Additionally they can be encrypted after converting them to bytes of data or obfuscated and again made

right with a known algorithm and key at the server side. This can prevent identity theft. On the other

hand, if we choose to store it locally like in a smartphone or a laptop or desktop, then the operating

system of that machine has to locally encrypt this data and then store at a safe section of the hard disk.

Theft with fake sources like videos can be prevented with liveness check like pupil contraction with

exposure to light. The fast exchange of data between the local computer and the server and processing

speed is the key to its success be it iris, fingerprint or face.
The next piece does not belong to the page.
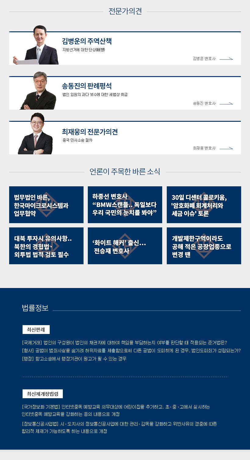 홈페이지 바른소개 업무분야 구성원 자료실 사회공헌 인재채용 블로그

Technical feasibility and User acceptance

For a terminal authenticating a person requesting access, it is easy to set up a system that will have the

hardware to get the impression of the eye, face or palm etc. correctly. But for an online access, it is not

always convenient or feasible to get the picture correctly specially of the face or iris/retina since the

camera resolution might not be of good enough or the user might not be able to align the eye or face

correctly. As such, the authentication system will not get an accurate picture to test. Hence, most

computers and mobile phone have at the most, palm or fingerprint authentication. Unless the hardware

is improved and proper system-generated feedback to the user is not given to align properly, a useful

picture cannot be taken. This might although annoy the person being authenticated, and so, it is best to

use an alternative attribute that is easier to collect. Behavioral biometrics have an upper hand in such

scenarios. Many a times the user is unaware since the interaction itself functions as the “password”.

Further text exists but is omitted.